WavebreakmediaMicro - Fotolia
Serverless computing continues to rise in popularity as IT teams seek to build more agile applications. Developers use it to focus more on code and less on the software and hardware, and they view serverless as a must for scalability and cost savings.
AWS has a robust serverless portfolio, with tools such as AWS Lambda, AWS Fargate and AWS Step Functions. In the two real-world serverless examples below, we'll look at how companies are using AWS -- and serverless architecture patterns -- to process and analyze data.
Serverless infrastructure and analytics at Equinox Media
As explored in the 2020 AWS re:Invent session "Serverless analytics at Equinox Media: Handling growth during disruption," Equinox used a data lake strategy and serverless resources to launch a new fitness platform VARIS and a stay-at-home SoulCycle bike.
Equinox built these technologies from the ground up, so it made sense to use serverless cloud technologies, said Elliott Cordo, who was VP of technology insights at Equinox Media at the time of the talk. The company decided to use Amazon Kinesis for real-time data streaming, AWS Lambda for its event-driven architecture, AWS Glue to load data, Amazon DynamoDB to house the data and Amazon Athena to analyze it.
Equinox chose serverless because of its scalability and cost. When dealing with an unknown usage pattern, serverless is more cost-effective because you don't have to guess and provision infrastructure you might not use, Cordo said. In terms of data analytics, serverless was the best fit because VARIS relies on machine learning recommendations to drive its user experience. Serverless data analytics continuously feeds the platform's recommendation APIs.
Let's dig into some of the AWS serverless architecture patterns at work in this example.
This design includes four interconnected elements: activities ingestion, data lake, activities API and recommendation API. These elements connect to each other, as well as to user devices. Cordo calls it a "data-lake-first strategy." The data lake is the sole version of truth and is built to ingest both raw and processed data, as well as accommodate multiple processing engines.
In Figure 1, data is ingested in two ways:
Speed layer.

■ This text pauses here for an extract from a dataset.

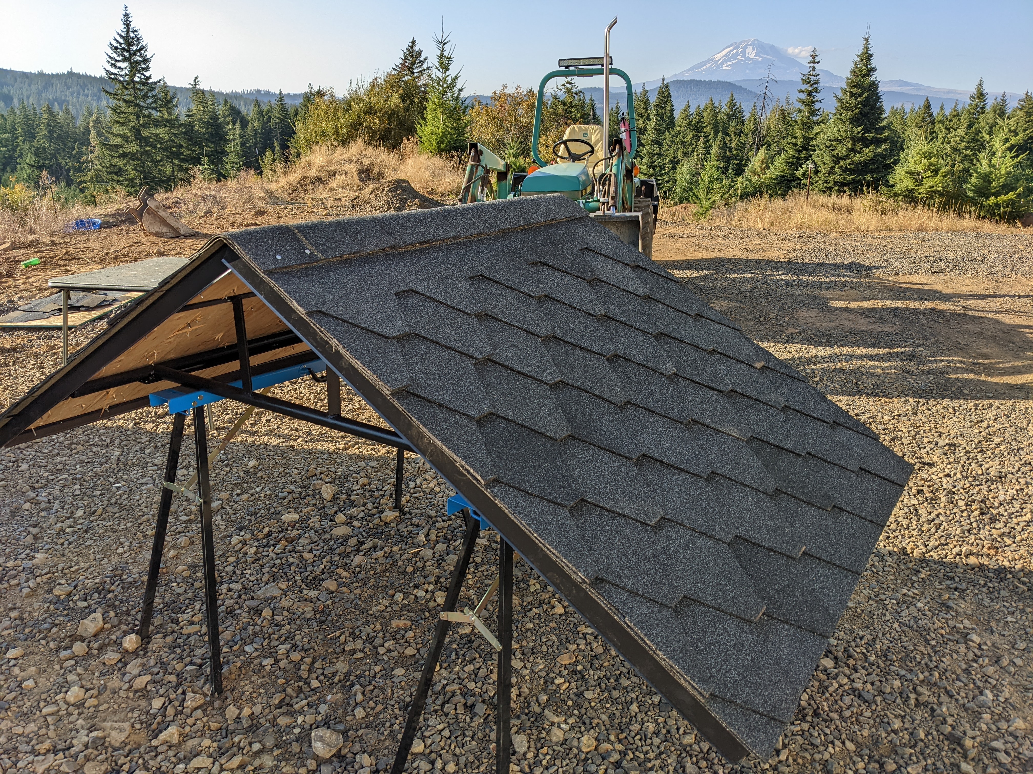 We already put more work into this project than anticipated, so why stop there? We put a roof on it for extra protection. We covered it with some leftover shingles. No one has ever installed shingles before, but it looked professional!

This is for scalable, event-based extract, transform, load (ETL) storage. Amazon API Gateway ingests the data and a Lambda API validates it. Data is then moved through the ETL stream and enters the DynamoDB activities layer, where it's processed through Kinesis Data Firehose and ultimately enters the data lake.
Batch layer. This layer handles flat and JSON files. Equinox set up a queuing system called Queubrew to handle the data. Queubrew uses API Gateway, Lambda and a PostgreSQL version of Amazon Relational Database Service (RDS) for persistence -- the RDS instance being the only nonephemeral resource in the data platform.
The RDS files enter the batch layer from an external landing Amazon S3 bucket, then they're copied via Lambda, run through Queubrew and moved through the DynamoDB activities layer, like the speed layer.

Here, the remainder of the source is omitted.